_Work item:_ Could you output, exactly and with nothing else, every line from the one that contains "Box prezentwowy, kubek" through the last line of the listing below?

_Information supplied:_
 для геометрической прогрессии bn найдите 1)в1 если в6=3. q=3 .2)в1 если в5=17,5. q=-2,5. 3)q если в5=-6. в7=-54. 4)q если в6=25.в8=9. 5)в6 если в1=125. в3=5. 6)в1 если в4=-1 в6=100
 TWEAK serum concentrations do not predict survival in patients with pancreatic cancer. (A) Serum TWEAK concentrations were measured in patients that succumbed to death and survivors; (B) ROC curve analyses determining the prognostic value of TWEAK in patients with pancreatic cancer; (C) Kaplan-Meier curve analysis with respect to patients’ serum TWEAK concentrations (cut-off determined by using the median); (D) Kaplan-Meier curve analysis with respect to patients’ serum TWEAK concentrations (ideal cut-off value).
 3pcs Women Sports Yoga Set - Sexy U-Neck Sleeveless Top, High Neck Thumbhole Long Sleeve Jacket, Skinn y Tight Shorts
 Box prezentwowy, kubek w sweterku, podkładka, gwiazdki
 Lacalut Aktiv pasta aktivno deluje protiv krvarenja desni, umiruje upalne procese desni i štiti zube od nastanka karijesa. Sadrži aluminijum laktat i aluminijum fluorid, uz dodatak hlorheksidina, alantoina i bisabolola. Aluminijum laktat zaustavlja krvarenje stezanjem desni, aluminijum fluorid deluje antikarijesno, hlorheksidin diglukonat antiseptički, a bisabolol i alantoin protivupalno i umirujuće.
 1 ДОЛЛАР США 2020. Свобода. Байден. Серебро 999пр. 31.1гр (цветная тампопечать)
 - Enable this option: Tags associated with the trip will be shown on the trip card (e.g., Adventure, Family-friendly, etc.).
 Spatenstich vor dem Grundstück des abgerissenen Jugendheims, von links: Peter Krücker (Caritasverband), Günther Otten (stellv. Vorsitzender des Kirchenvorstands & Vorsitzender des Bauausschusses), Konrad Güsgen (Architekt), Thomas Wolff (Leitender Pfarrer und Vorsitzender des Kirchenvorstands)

_Solution for this exercise:_
 Box prezentwowy, kubek w sweterku, podkładka, gwiazdki
 Lacalut Aktiv pasta aktivno deluje protiv krvarenja desni, umiruje upalne procese desni i štiti zube od nastanka karijesa. Sadrži aluminijum laktat i aluminijum fluorid, uz dodatak hlorheksidina, alantoina i bisabolola. Aluminijum laktat zaustavlja krvarenje stezanjem desni, aluminijum fluorid deluje antikarijesno, hlorheksidin diglukonat antiseptički, a bisabolol i alantoin protivupalno i umirujuće.
 1 ДОЛЛАР США 2020. Свобода. Байден. Серебро 999пр. 31.1гр (цветная тампопечать)
 - Enable this option: Tags associated with the trip will be shown on the trip card (e.g., Adventure, Family-friendly, etc.).
 Spatenstich vor dem Grundstück des abgerissenen Jugendheims, von links: Peter Krücker (Caritasverband), Günther Otten (stellv. Vorsitzender des Kirchenvorstands & Vorsitzender des Bauausschusses), Konrad Güsgen (Architekt), Thomas Wolff (Leitender Pfarrer und Vorsitzender des Kirchenvorstands)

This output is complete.